**WHAT TO PRODUCE:**
Copy everything in the data below exactly except the pictures.

**PROVIDED DATA:**
=== Section Start ===

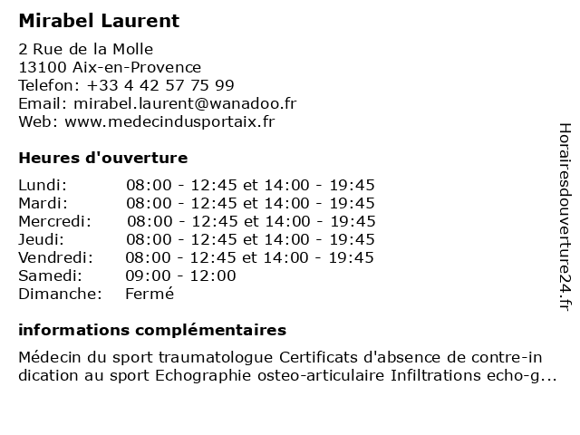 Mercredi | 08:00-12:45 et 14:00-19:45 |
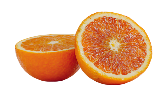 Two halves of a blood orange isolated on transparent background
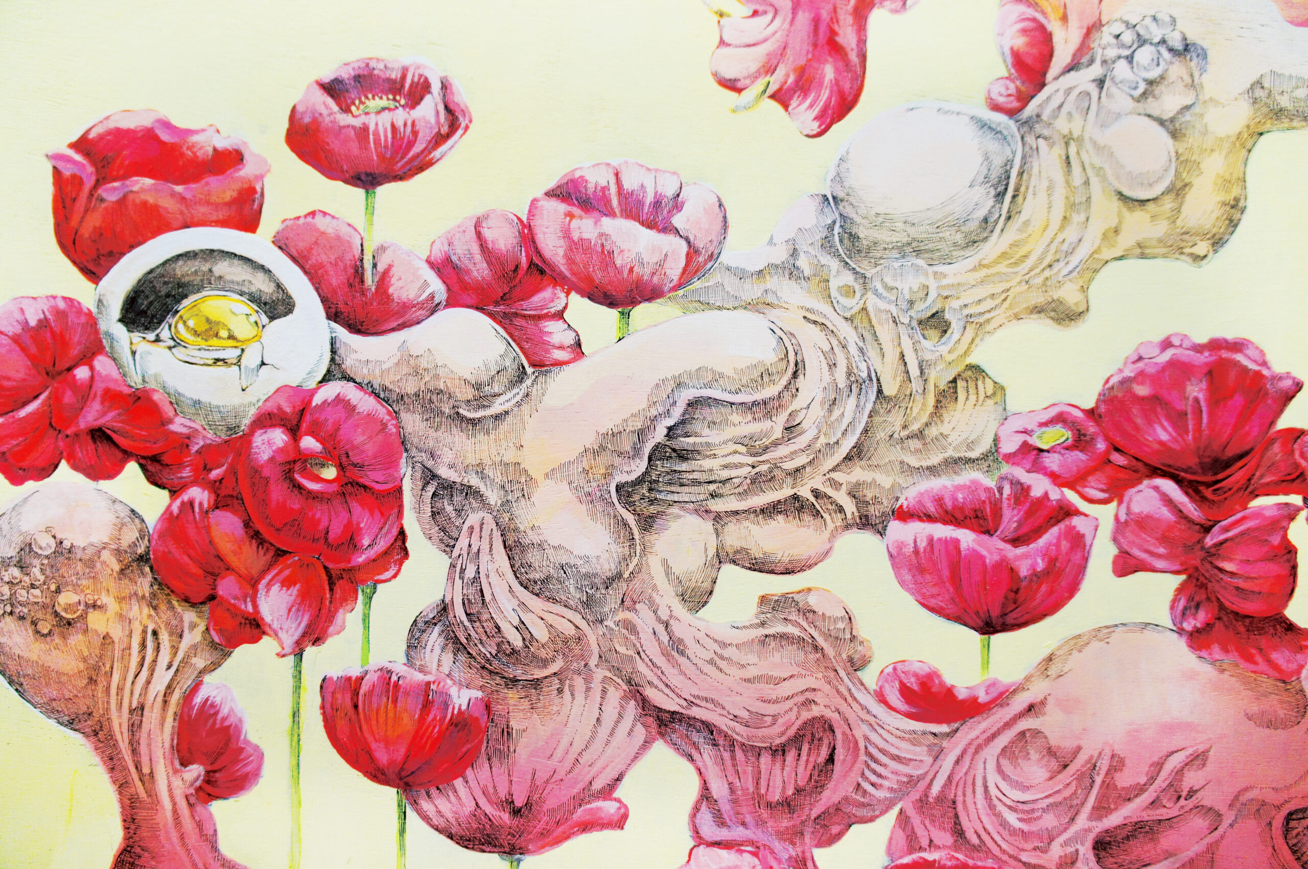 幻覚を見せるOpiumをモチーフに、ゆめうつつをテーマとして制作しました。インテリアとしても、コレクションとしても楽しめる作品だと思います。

=== Section End ===

**YOUR RESPONSE:**
 Mercredi | 08:00-12:45 et 14:00-19:45 |
 Two halves of a blood orange isolated on transparent background
 幻覚を見せるOpiumをモチーフに、ゆめうつつをテーマとして制作しました。インテリアとしても、コレクションとしても楽しめる作品だと思います。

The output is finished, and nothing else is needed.